Indeed, the Series B comes during a time of unprecedented challenges for apartment managers. The impacts of COVID-19 have put significant pressure on rent collections, and companies have had to transition onsite teams to remote workers, a change for which much of the industry was not prepared.  With that said, messaging and mobile tools have been essential in this transition for Knock customers, with usage skyrocketing in recent weeks. In addition, Knock has accelerated the delivery of critical new features including new resident engagement and renewal workflows, new centralized leasing tools to work from home, as well as new self-guided and live video touring capabilities.

“In many ways, our product was built for times like these and the value we deliver to our customers has never been more apparent than during this crisis,” Petry tells GlobeSt.com. “There’s a renewed appreciation for delivering prompt and personal responses to help cope with so much uncertainty.”

Petry says Knock can address numerous COVID-specific challenges:

“We expanded our multi-team leasing capabilities, so leasing teams are able to engage across multiple properties in order to provide highly responsive service at scale, available on web and mobile,” Petry tells GlobeSt.com. “While these new and improved capabilities were accelerated in response to COVID, we believe they are all permanent fixtures in a modern front office software platform.

As for COVID’s impact on the rental market, Petry says multifamily is a resilient asset class and is holding up pretty well so far.

“In general, (it) will be less impacted than what you’ll see in office and retail, consistent with other economic slowdowns,” he says. “Certain geographic markets with high exposure to hospitality and manufacturing jobs will be impacted more than those with high tech. Regardless of geography or asset type, unemployment will certainly put pressure on rent growth and rent collections in most markets, so everybody is monitoring how quickly jobs and incomes are able to rebound. In general, occupancy and rent growth are expected to soften, but the majority of operators think that occupancy and rents will be back to previous levels within 12 months. Time will tell.”

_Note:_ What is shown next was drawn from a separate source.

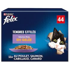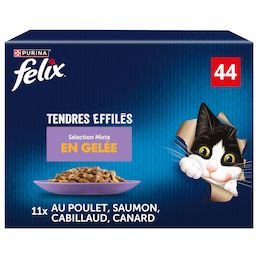 C'est si bon d'être un chat, surtout au moment des repas ! Faites plaisir à votre petit coquin avec la texture alléchante et les délicieuses saveurs de FELIX Aussi Bon que Beau. Il contient tout ce dont votre chat a besoin pour rester en bonne santé et actif. Chaque recette est spécialement préparée avec de tendres effilés enrobés d'une délicieuse gelée, avec des ingrédients de haute qualité qui raviront votre chat à tous les repas. Ils sont vraiment aussi bons qu'ils en ont l'air ! Et ce n'est pas tout ! FELIX est disponible dans une large gamme de recettes savoureuses. FELIX, tellement irrésistible !
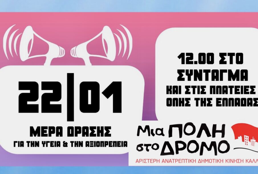 Καλούμε όλες τις δυνάμεις του κινήματος, σωματεία και συνδικάτα, φοιτητικούς συλλόγους, τοπικές /δημοτικές κινήσεις, δομές αλληλεγγύης, κάθε κοινωνική συλλογικότητα και όλα τα κοινωνικά στρώματα που πλήττονται και αναζητούν δρόμους συλλογικού αγώνα, να δώσουμε από κοινού αυτή τη μάχη. Με πολύμορφες δράσεις σε κάθε πόλη και γειτονιά και ένα κεντρικό μαζικό ραντεβού σε μια Μέρα Δράσης για την Υγεία και την Αξιοπρέπεια.

As a result of the healthcare crisis, Petry says the firm is seeing unprecedented surge in product usage. Two-way communications, not marketing blasts/drip, managed through the product has spiked since the start of COVID. Compared to usage levels at the beginning of January 2020, email has increased by 149%, SMS/text has increased by 189% and phone has increased by 50%.

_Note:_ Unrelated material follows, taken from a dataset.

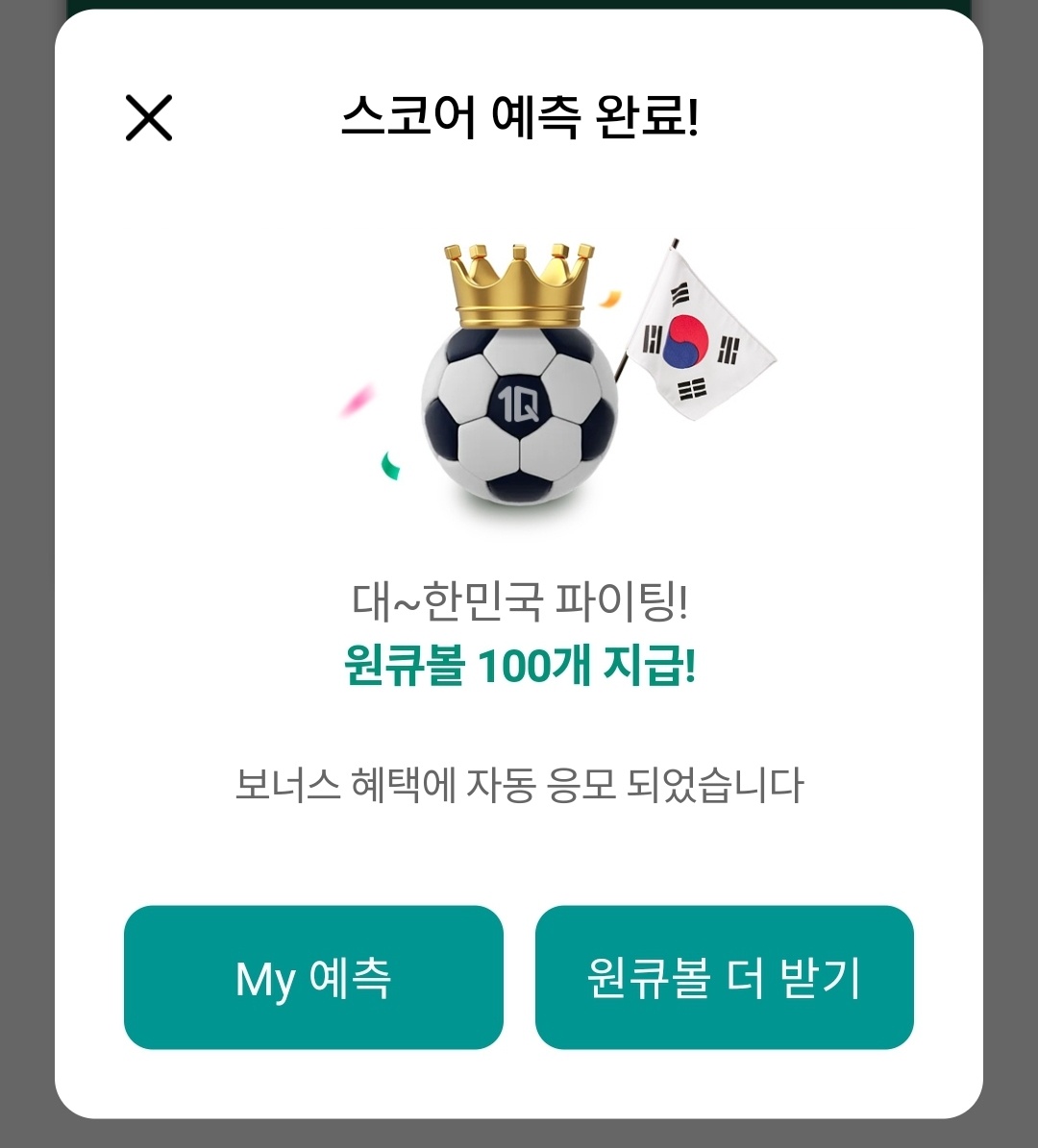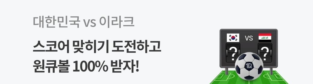 이벤트1> 대한민국 이라크 경기 스코어 예측하면 누구나 원큐볼 100개
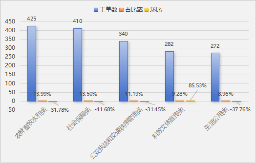 (三)訴求內容分析。2月,群眾來電訴求主要集中在:農林畜牧水利類425件,占訴求量的13.99%;社會保障類410件,占訴求量的13.5%;公安執(zhí)法和交通秩序管理類340件,占訴求量的11.19%;科教文體宣傳類282件,占訴求量的9.28%;生活公用類272件,占訴求量的8.96%。與上月數(shù)據(jù)相比,本月科教文體宣傳類環(huán)比增長85.53%,公安執(zhí)法和交通秩序管理類環(huán)比減少31.45%,農林畜牧水利類環(huán)比減少31.78%,生活公用類環(huán)比減少37.76%,社會保障類環(huán)比減少41.68%。

“Further, although in-person apartment visits dropped by 76% from their high point to their low point, the amount of signed leases was virtually flat, even while accounting for customer growth,” Petry says. “This is evidence of both the resilience of the apartment sector, as well as the efficacy of our leasing tools.”

While revenue and team growth has exponentially scaled, Knock recently hired enterprise software executives from Google, Microsoft, Seismic and SAP, among others. The SaaS platform recently hired Eitan Saban (formerly with Seismic and Docusign) as VP of sales, Darren Koch (formerly with SAP, Concur and Hotwire) as chief product officer, and Matt Hillman (formerly with Google and Microsoft) as VP of engineering.

“We have dialed back on our headcount plans for the year, but we are still actively hiring for a few roles,” says Petry.